- Born: c. 1968 Nashville, Tennessee
- Education: Princeton University (A.B.) Harvard Business School (M.B.A.)
- Occupations: Businessman, investor, philanthropist
- Spouse: Julie Damgard
- Children: 3
- Parent(s): Thomas F. Frist Jr. Patricia C. Frist
- Relatives: Thomas F. Frist Sr. (paternal grandfather) Bill Frist (paternal uncle) William R. Frist (brother) Charles A. Elcan (brother-in-law)

= Thomas F. Frist III =

American businessman

Thomas F. Frist III (born c. 1968) is an American heir, businessman, investor and philanthropist from Tennessee. He is the Founder and Managing Principal of Frist Capital, an investment firm.

==Early life==
Thomas F. Frist III was born circa 1968 in Nashville, Tennessee. His father, Thomas F. Frist Jr., is a billionaire who served as the Chairman of HCA Healthcare. His mother, Patricia C. Frist, served as a director of SunTrust Banks from 2000 to 2010. His paternal grandfather, Thomas F. Frist Sr., was a co-founder of HCA. His paternal uncle, Bill Frist, served as a Republican Senator for Tennessee from 1995 to 2007.

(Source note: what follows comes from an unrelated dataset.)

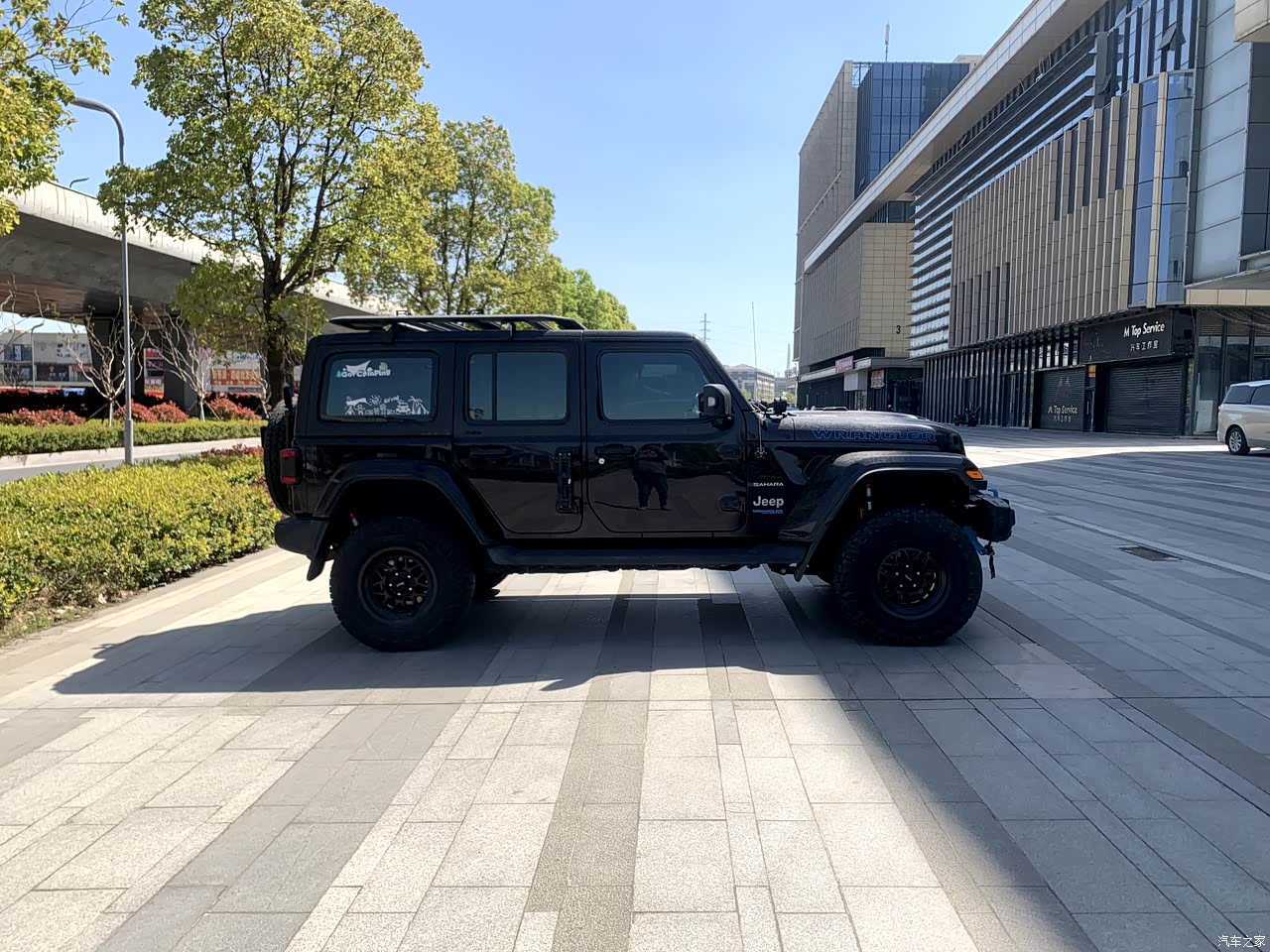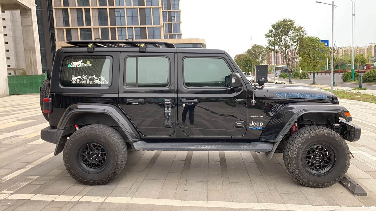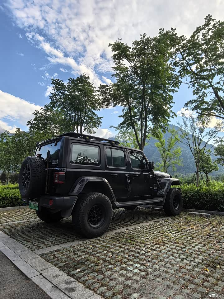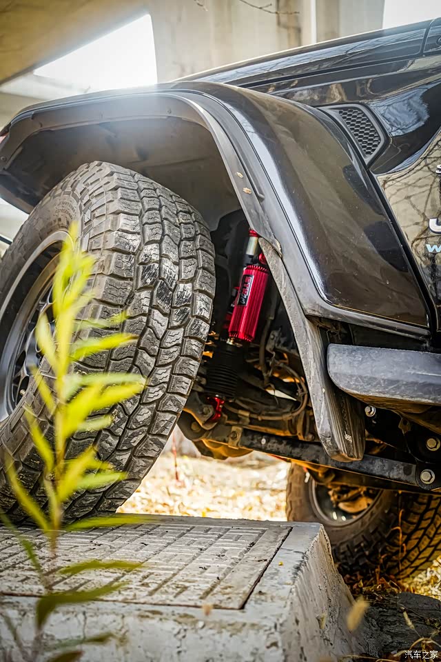 原装轮胎轮毂略小,需要改装,牧马人不改不如退下海,改装空间很大。

He graduated with an A.B. in religion from Princeton University in 1991 after completing a 84-page long senior thesis titled "Spiritual Awakenings: The Nashville Sit - Ins, 1960." He received a master's degree in business administration from the Harvard Business School in 1997.

==Career==
Frist was a managing partner at FS Partner, an investment firm based in New York City. He also worked for Rainwater, Inc., Richard Rainwater's investment firm, both in New York City and Fort Worth, Texas.

Frist founded Frist Capital, another investment firm, in 1998. He serves as its Managing Principal. In January 2015, the firm invested US$100 million in Bulow Clinic Partners Group, a subsidiary of Bulow Holdings, an orthotic and prosthetic firm. Meanwhile, the firm sold their investment in Tink's, a spray which attracts deer while deer hunting, to Arcus Hunting, another investment firm.

Frist served on the board of directors of Triad Hospitals. In 2009, he was appointed to the board of directors of Science Applications International Corporation (SAIC), now known as Leidos, a defense corporation. He has served on the board of directors of the Hospital Corporation of America since 2006.

==Philanthropy==
Frist serves on the board of directors of the Frist Foundation.

==Personal life==
In 1998, Frist married Julie Damgard, a Goldman Sachs employee and the daughter of John Michael Damgard, who served as the President of the Futures Industry Association. They have three children. They reside in Belle Meade, Tennessee, near Nashville.